RECORDS TO USE:
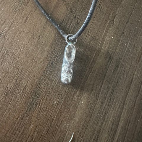 Dette smykke af klar bjergkrystal og læder er til at sætte i buksestroppen.
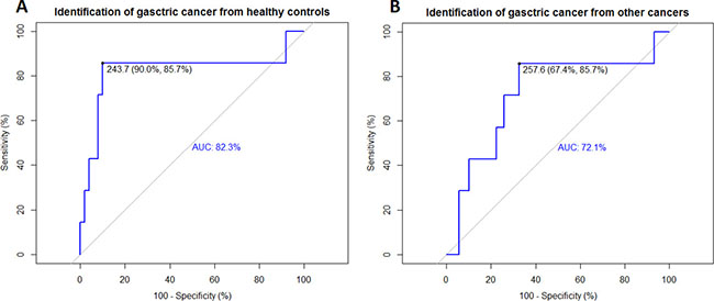 Figure 2: ROC curves revealed the diagnostic ability of DcR3 for gastric cancer. Identifications of gastric cancer from healthy controls and other cancers by DcR3 were evaluated using ROC curves. (A) Identification of gastric cancer from healthy controls using the ROC curve; sensitivity = 85.7%, specificity = 90.0%, AUC = 82.3%, threshold = 243.7 pg/mL; (B) Identification of gastric cancer from other cancers using the ROC curve; sensitivity = 85.7%, specificity = 67.4%, AUC = 72.1%, threshold = 257.6 pg/mL.
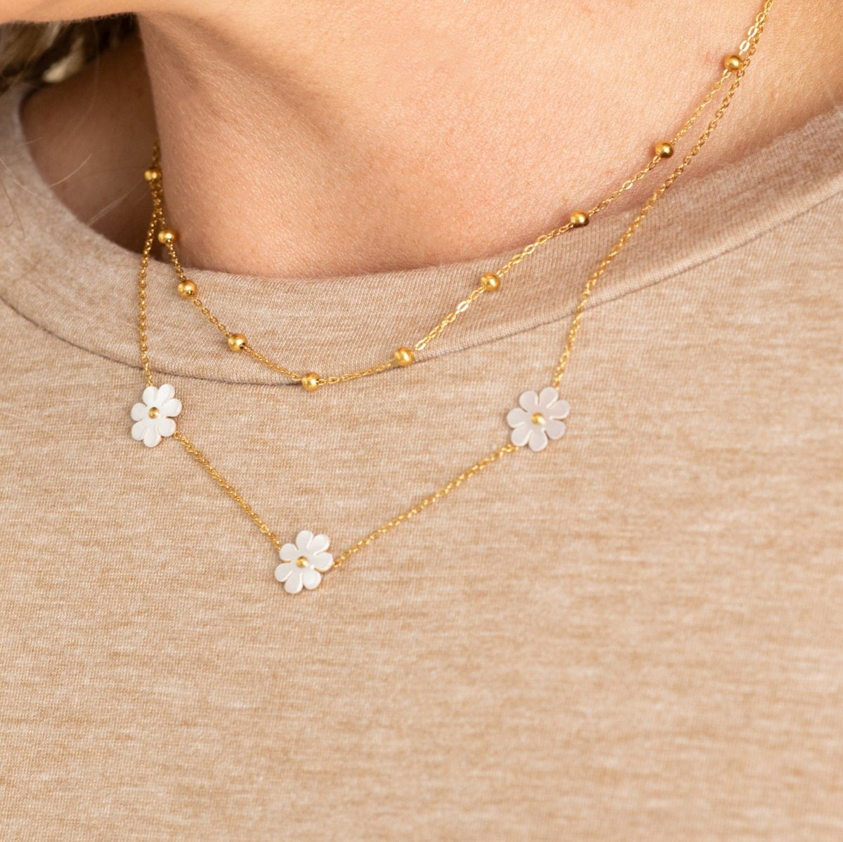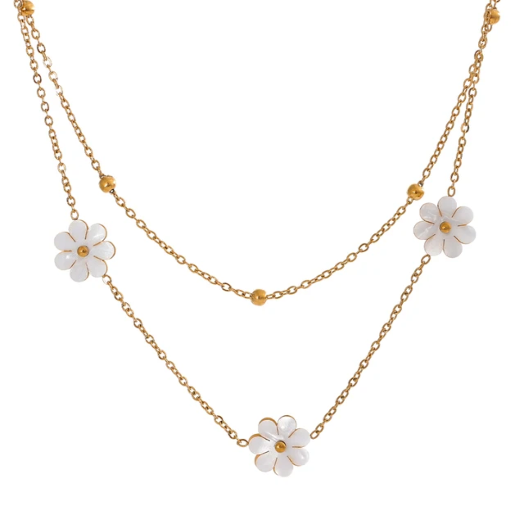 Dobbelt marguerit halskæde i 18 karat forgyldt rustfrit ædelstål
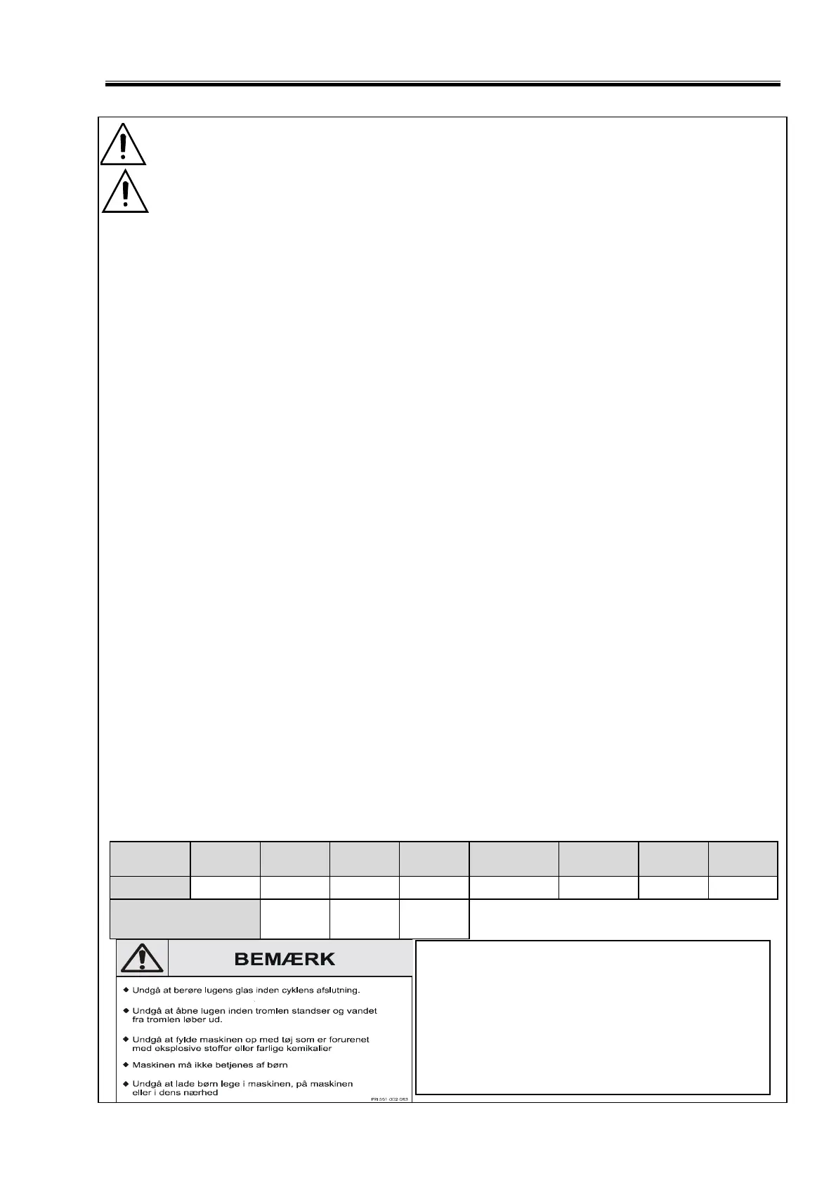 – Advarselssymboler må ikke fjernes fra maskinen. Anvisninger på etiketter og symboler skal overholdes for at undgå
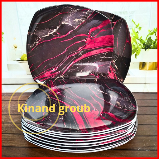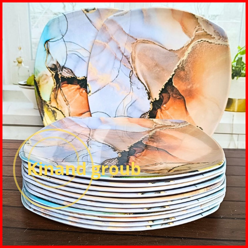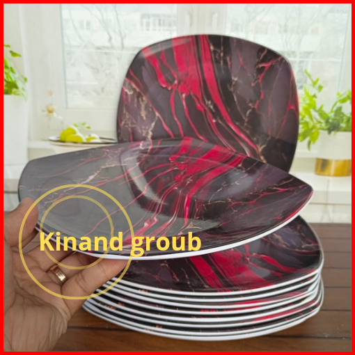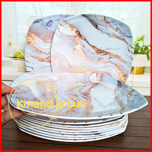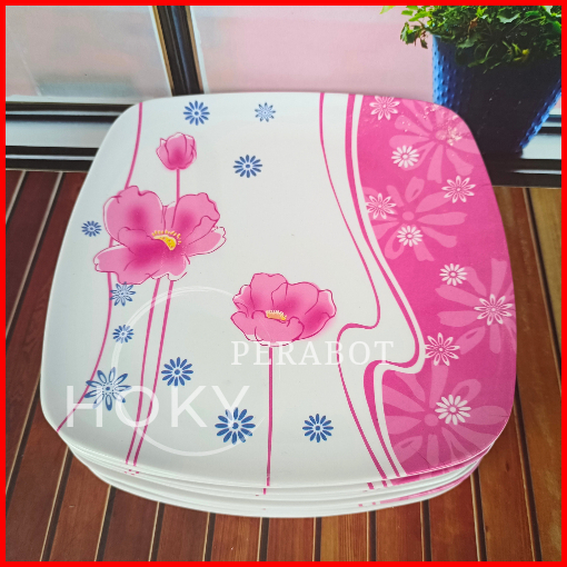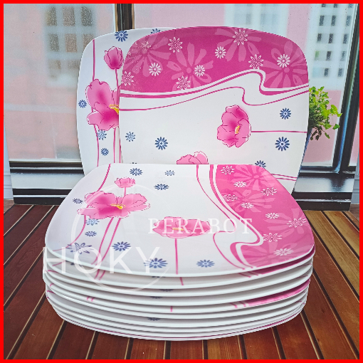 6 Pcs Piring Kotak Melamiin Motif Mewah 23 Cm Melamin Saji Terlaris

BRIEF: Working from the line with "for at undgå" down through the last line of the records, give every line again exactly, but no pictures.

REPLY:
 – Advarselssymboler må ikke fjernes fra maskinen. Anvisninger på etiketter og symboler skal overholdes for at undgå
 6 Pcs Piring Kotak Melamiin Motif Mewah 23 Cm Melamin Saji Terlaris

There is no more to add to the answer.